Individual trough concentrations of mizoribine following 6 mg kg−1 once-daily and twice-daily doses. 1 (
), 2 (
), 3 (
), 4 (
), 5(
), 8 (
)
For any drug, concentrations increase until steady state is achieved, and the degree of accumulation is generally evaluated based on relative ratios of AUC within a dosing interval following the first and last dose of each dosing regimen. On this study, the once-daily dosing resulted in an approximate 15% accumulation, whereas the twice-daily dosing resulted in an approximate 42% accumulation (Table 2). The extent of accumulation of mizoribine at steady state was consistent with that expected from once- or twice-daily administration of an orally administered drug that reaches Cmax within 2–3 h, followed by an elimination phase with a median 3-h half-life. Although the 15% accumulation following the once-daily dosing regimen was relatively small, it could have been expected to be even smaller given that the once-daily dosing regimen is essentially equivalent to seven post-tmax mizoribine elimination half-lives. However, the actual differences in mean AUCτ values between day 1 and day 5 were approximately one-half standard deviation of the mean of this parameter on each study day; consequently, it is difficult to differentiate accurately between true accumulation and variability in this parameter. For twice-daily dosing, the degree of accumulation was greater than that of the once-daily dosing and is consistent with the shorter dosing interval (three post-tmax mizoribine elimination half-lives). Surprisingly, the mean Cmax was similar between the once-daily and twice-daily dosing groups, and this was true on both day 1 and the last study day. This was unexpected given the increases in the trough values and the larger accumulation reported for the twice-daily dosing; however, it may be partially due to the large variability in individual Cmax values, particularly following the twice-daily dosing.
Table 2.
Summary of the single- and multiple-dose pharmacokinetic parameters (mean ± SD) of mizoribine in serum (total N = 12, six for once-daily and six for twice-daily dosing, except where noted)

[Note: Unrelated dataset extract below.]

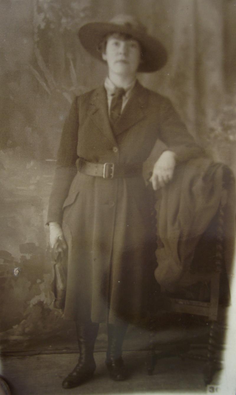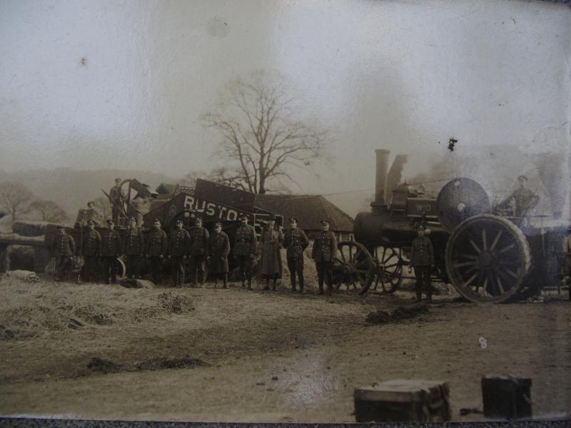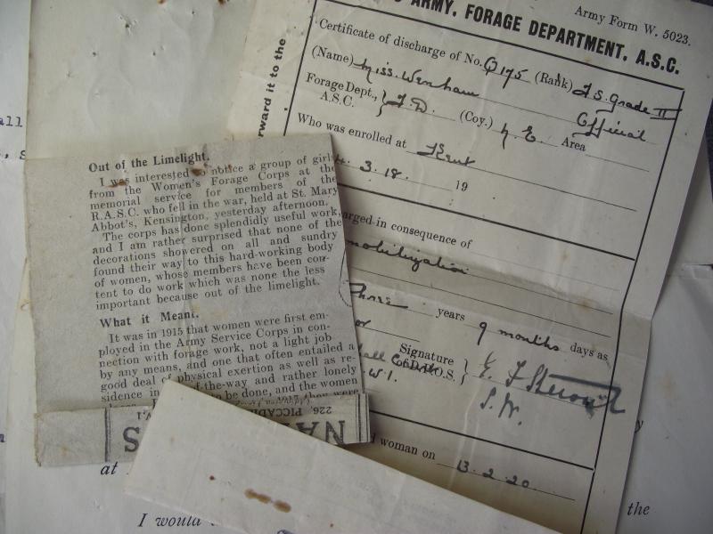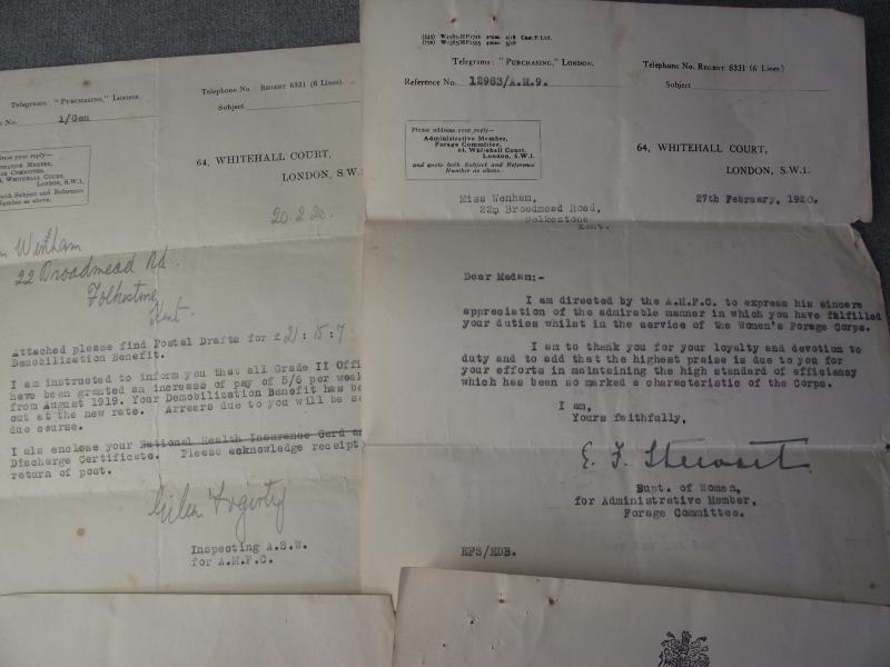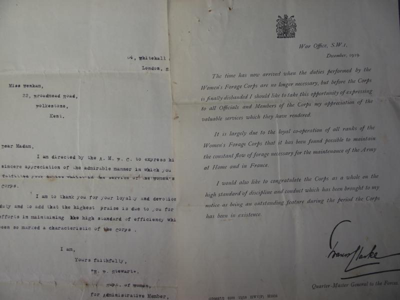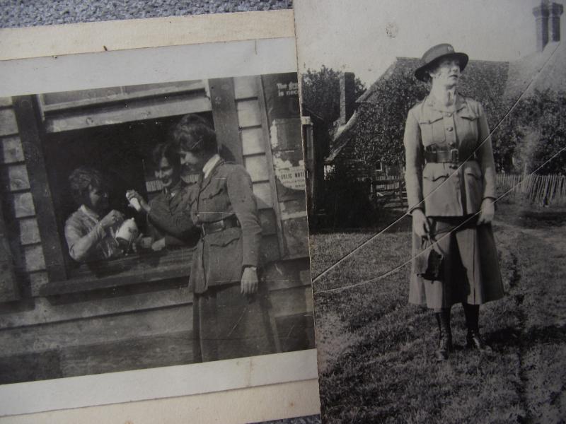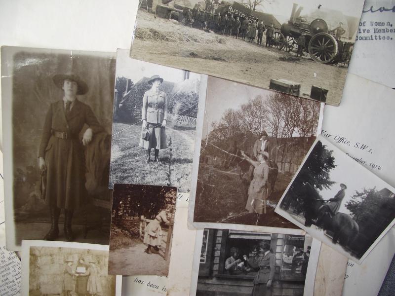 A very nice grouping of documents and photos of a lady who served in the Women's forage Corps in WW1. There are four official documents related to her service and her Certificate of discharge. With this comes some fascinating photos of Miss Wenham, if your into uniforms of the period, wearing her WAFC outfit , all annotated to the rear with details by her daughter. In my opinion the best is the larger photo showing a squad of soldiers bailing hay using a large WD marked steam tractor with Miss Wenham in the middle, obviously in charge of the group. To add to this interesting grouping is a full photo album containing photos of numerous war graves she visited in the early 1920's including a number of shots of King George and Queen Mary at one site. Also included are a few shots of the I.W.G.C. administration camp. The grave sites visited and photographed are....Terlincthun, Longuengesse, Cinq Rues, Brre, Poperinghe, Vlamertinghe, Dud corner , La Chaudiere, Arras Road, Ecoivres, Euston Road, Courcelles au Bois, Bertrancourt, Lovencourt, Acheus, Forceville, a number of more are listed. 45 pictures in total. A very interesting group not only from the WAFC angle but also from the point of the British War Cemeteries, when they where overhauled especially for the King and Queens visit. Miss Wenham moved in the 20's to Abergavenny and married a local officer from the RFC, dying in 1955.

| Parameter | Day 1: 6 mg kg−1 once daily | Day 1: 6 mg kg−1 twice daily |
|---|---|---|
| Cmax (µg ml−1) | 4.1 ± 1.1 | 4.0 ± 1.9 |
| tmax* (h) | 3.0 (2.0–4.0) | 2.0 (2.0–3.0) |
| AUC0–t (µg h−1 ml−1) | 31.3 ± 8.5 | 22.1 ± 11.0 |
| AUC0–∞ (µg h−1 ml−1) | 31.5 ± 8.7 | 25.8 ± 12.1 (N = 5) |
| AUCτ (µg h−1 ml−1) | 31.3 ± 8.6 | 22.1 ± 11.0 |
| kel (l h−1) | 0.3 ± 0.02 | 0.3 ± 0.05 (N = 5) |
| t1/2 (h) | 3.0 ± 0.3 | 3.0 ± 0.7 (N = 5) |
| CL/F (ml h−1 kg−1) | 203 ± 57 | 283 ± 142 (N = 5) |
| Vz/F (ml kg−1) | 883 ± 230 | 1174 ± 546 (N = 5) |
| Parameter | Day 5: 6 mg kg−1 once daily | Day 7: 6 mg kg−1 twice daily |
| Cmax (µg ml−1) | 4.7 ± 0.9 | 4.6 ± 1.6 (N = 5) |
| tmax* (h) | 2.0 (2.0–4.0) | 3.0 (2.0–3.0) (N = 5) |
| AUCτ (µg h−1 ml−1) | 35.5 ± 8.2 | 31.2 ± 11.0 (N = 5) |
| kel (l h−1) | 0.2 ± 0.02 | 0.2 ± 0.04 (N = 5) |
| t1/2 (h) | 3.0 ± 0.3 | 3.1 ± 0.6 (N = 5) |
| CLss/F (ml h−1 kg−1) | 176 ± 34 | 210 ± 65 (N = 5) |
| Accumulation ratio | 1.15 ± 0.14 | 1.42 ± 0.40 (N = 5) |
| Dose linearity | 1.15 ± 0.14 | 1.31 ± 0.41 (N = 5) |
Median and range for tmax.
Evaluation of any time-dependent changes in the PK of mizoribine was based on the comparison of linearity between AUCτ following the last dose and AUC0–∞ following the first dose of each dosing regimen. The results have shown that there were no dramatic differences in exposure to mizoribine following the first and last doses of each dosing regimen. For the once-daily dosing regimen, the AUC on day 5 was 15% higher than on day 1, a difference that is negligible in view of the rather small sample size and relatively large variability in AUC values on both study days. Notably, the mean values of AUCτ on day 5 compared with AUC0–∞ on day 1 were within one-half standard deviation of each other. The differences in linearity following the twice-daily dosing regimen were somewhat larger, at approximately 31%. However, the day 1 AUC0–∞ values were calculable in only five of the six subjects, and in one of the five subjects the AUC estimates were unusually low compared with other subjects in that treatment group, resulting in a lowering of the overall mean. By day 7, this subject's AUC values were more in line with those of the other subjects and, consequently, his dose linearity estimate was >2, while that of the other subjects was much closer to 1. Exclusion of this subject's data from the dose linearity estimate reduced the dose linearity value for the remaining subjects to a mean of 1.14, and a 14% difference can be considered indicative of linear pharmacokinetics of mizoribine, given the intersubject variability in AUC estimates on any given study day. Consistent with a lack of time dependency in PK, the median tmax (2–3 h) and the mean t1/2 (approximately 3 h) remained unchanged by repeated dosing of mizoribine.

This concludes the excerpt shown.